The population of the country before the start of the civil war in 2011 was around 22-23 million, according to UN data.

Around 6.7 million Syrian were forced to leave the country and also about 7-8 million people were displaced during the civil war.

In addition to about 61% of the country’s territory dominated by the regime, elections are also being held in the northeastern Al-Hasakah province controlled by the terrorist group YPG/PKK.

The elections will not be held in regions controlled by opposition groups.

Syria’s 250-seat parliament has a large number of businesspeople, tribal leaders, and so-called independents, all known for long being close to the regime.

According to regime media, over 1,600 candidates are competing in the polls.

– Opposition cries foul

The Syrian opposition, which describes the parliament as a “council of war,” argues that the regime manipulates the elections by only letting figures close to it run for office.

The elections are being held by an “illegitimate regime” and are thus invalid, Naser al-Hariri, head of the National Coalition for Syrian Revolutionary and Opposition Forces, told Anadolu Agency.

Legitimate elections, in contrast, are held transparently under public supervision, with the participation of the entire public and NGOs and the free press, said Hariri.

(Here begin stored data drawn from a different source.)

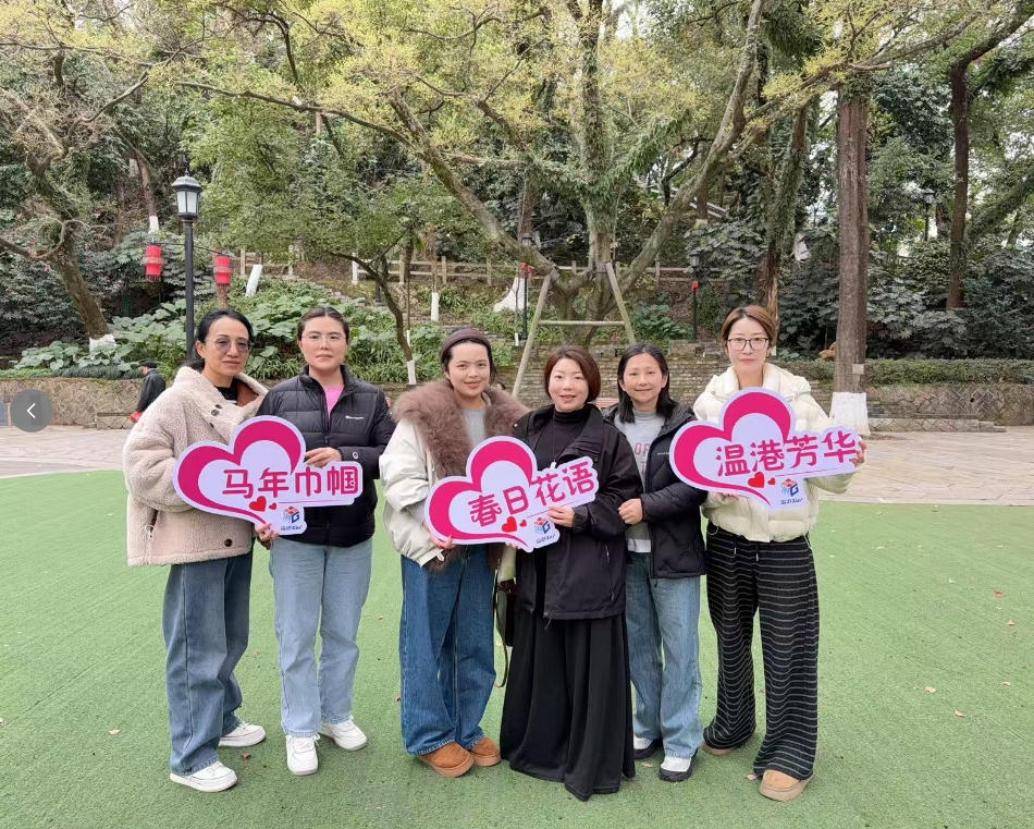 活动现场精心设置了 “马年巾帼”“温港芳华”“春日花语” 3 个特色主题打卡点,配套摆放马年元素、节日祝福等创意手持牌道具,氛围感十足。女职工们自由组队、结伴同行,沿着指定路线穿梭在春日景致中,在各个打卡点创意摆拍,用镜头定格春日美好与巾帼靓丽风采,现场欢声笑语不断,处处洋溢着轻松愉悦的节日氛围。
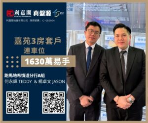 利嘉閣地產東半山跑馬地希慎道分行A組分區董事梁國樑(Stephen)稱,該行高級客戶董事楊卓文(Jason)客戶主任何永輝(Ted­dy)新近促成東半山嘉苑B座中層4室連車位的二手成交個案,單位實用面積約1,158方呎,採3房1套間隔,外望開揚山景。
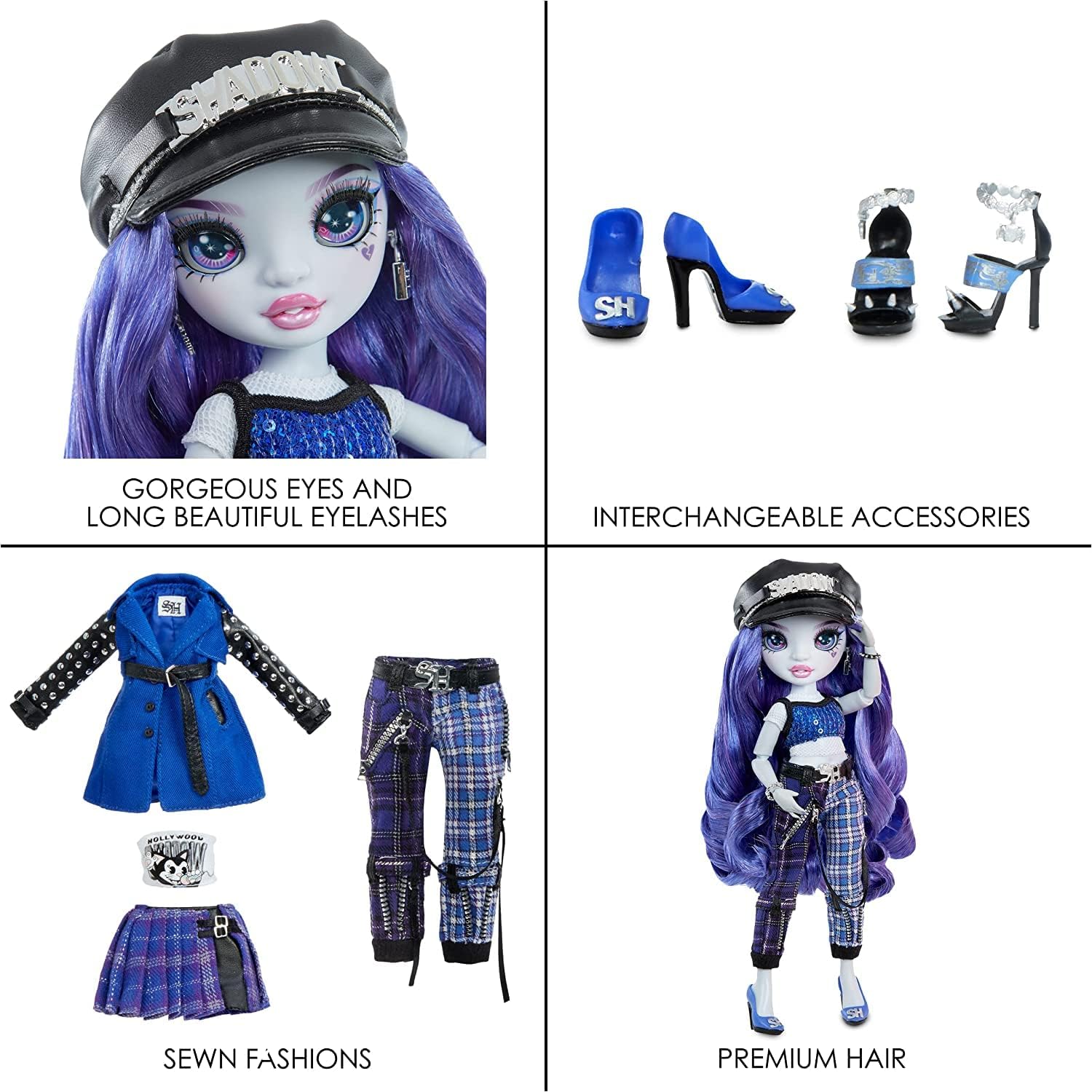 2 MIX & MATCH FASHION: Uma comes dressed in a sequins top over her fishnet shirt, plaid pants with molded buckles and zippers, hat with silver chain and shadow charms, and knee-high shoes with shadow graphic. She also comes with a second complete outfit for mix and match fun. Stud Jacket with belt tie, top with printed graphic, pleated plaid skirt with buckles, stud detail heels, and rocker accessories.
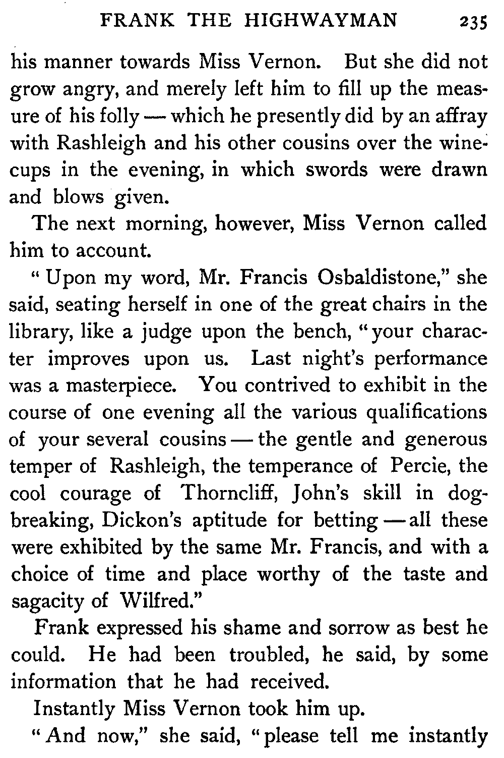 "That would indeed be difficult," said the undaunted Edie, "since your lordship has given me such good cause to remember it."
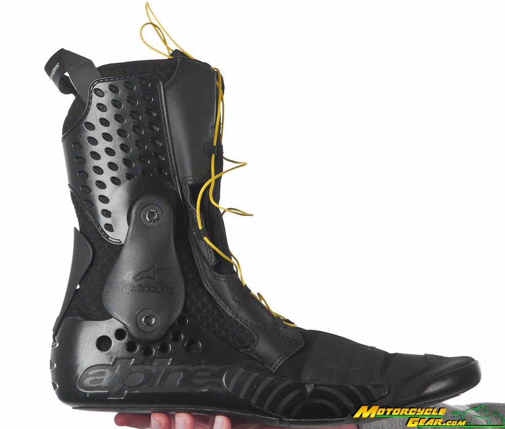 These boots have just about everything you’d want in a racing good, plus they’re comfortable! You get all the protection you would expect including a stiffened shank, TPU shifter, TPU shin, and TPU/aluminum toe slider. The inner bootie comes out so you can get it on comfortably and then put the boot on. This bootie keeps limits your ankle’s movement in a crash and is pretty heavy duty while still feeling very comfortable. The boot itself has a full zip opening on the lateral side (outside), this would normally be a complaint point for me as the medial (inside) zippers are easier to reach when you’re geared up (and not as in shape as a sportbike racer, haha) but these are easy enough to zip up. The cuff of the boot also has some grippy material (silicon?) so they’ll help keep your pant leg in the boot.
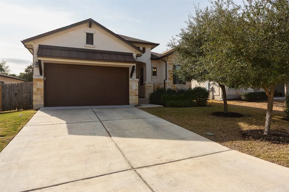 Nestled in Greyrock Ridge, one of the newer sections of Circle C Ranch, this stunning single-story home backs to tranquil green space, offering rare privacy and peaceful, tree-filled views with no neighbors behind. Flooded with warm natural light, the home showcases a spacious, open-concept floor plan designed for both everyday comfort and effortless entertaining. Soaring ceilings and wood-like tile flooring set the tone throughout the main living areas, while the designer kitchen is the heart of the home. Featuring a large center island, dark-gray cabinetry, Silestone countertops, built-in oven, five-burner cooktop, and sleek black matte fixtures and hardware, this space blends modern sophistication with timeless style. The inviting family room is highlighted by coffered ceilings and dual sliding glass doors that open to a covered back patio overlooking lush greenery, perfect for morning coffee, evening gatherings, or simply unwinding in nature. The expansive primary suite offers a serene retreat with bay window and spa-inspired bath complete with a soaking tub, separate shower, three vanities, and a massive walk-in closet. Two additional secondary bedrooms provide comfort and flexibility, while the oversized laundry room doubles as a bonus flex space ideal for a home office or work out area. Outside, the home boasts beautiful curb appeal with lush native landscaping. Circle C Ranch is one of South Austin’s premier communities where residents enjoy access to highly acclaimed schools, four community pools (including one with a slide), playgrounds, a clubhouse, soccer and activity center, disc golf course, and miles of scenic hiking trails. Greyrock also features its own dedicated pool and playground, direct access to the Violet Crown Trail and is just minutes from the Grey Rock Golf Course and Tennis Club. Conveniently to H-E-B, restaurants, shopping and the Alamo Drafthouse with its iconic rotating mural, this home perfectly blends lifestyle, and location.
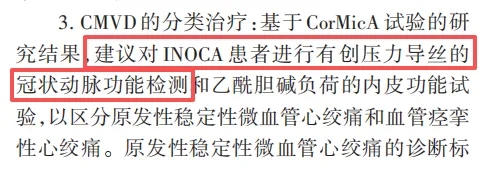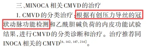 相较而言,对于CMVD的诊断,可能无创的诊断技术相对简单易行,但其准确性还是要依赖于有创的诊断技术。实际目前在临床上,推荐在介入诊断程序当中进行IDP(侵入性冠脉功能学检查),对于有条件的导管室,采用有创的基于压力导丝的冠脉功能学全面评估来进行CMVD的诊断。另外进行乙酰胆碱的冠脉内注射可以帮助诊断是否存在内皮功能的异常。
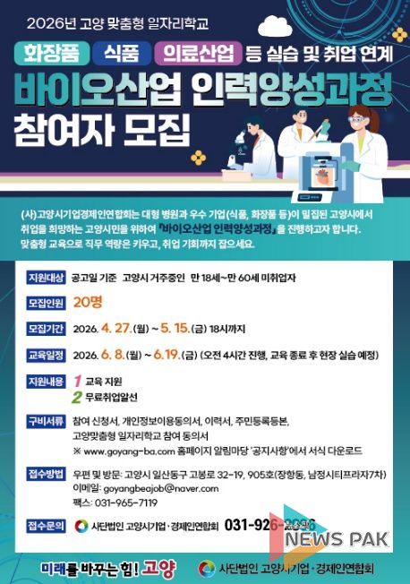뉴스팍 배상미 기자 | 고양특례시는 2026년 고양맞춤형 일자리학교 공모사업 중 ‘바이오산업 인력 양성과정’의 참여자를 모집한다.
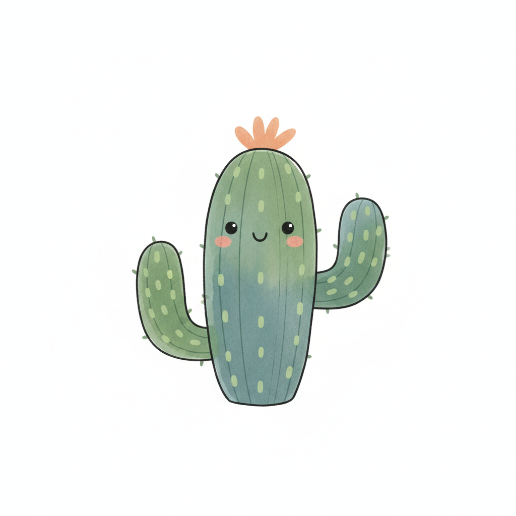Ein niedlicher Kaktus mit freundlichem Gesicht und buntem Haar.

There should be no fear of intervention by the army or security forces, he added.

Since more than half of the Syrian people were displaced, they cannot vote and the will of the people will not be represented at the ballot box, he said.

Some of the candidates in the elections face international sanctions due to their involvement in crimes against the Syrian people, he noted.

Calling the elections theater, Abdurrahman Mustafa, the head of Syria’s interim opposition government, said: “By holding sham elections, they are trying to run away from the political process.”

They do not care about detainees, the homeless, the displaced, or anybody who leaves the country, Mustafa said, adding they are trying to stay in power in Syria without worrying about bloodshed.

The Assad regime held similar elections in 2012 and 2016.

Syria has been ravaged by civil war since early 2011, when the Assad regime cracked down on pro-democracy protesters.

Hundreds of thousands of people have been killed, according to UN estimates.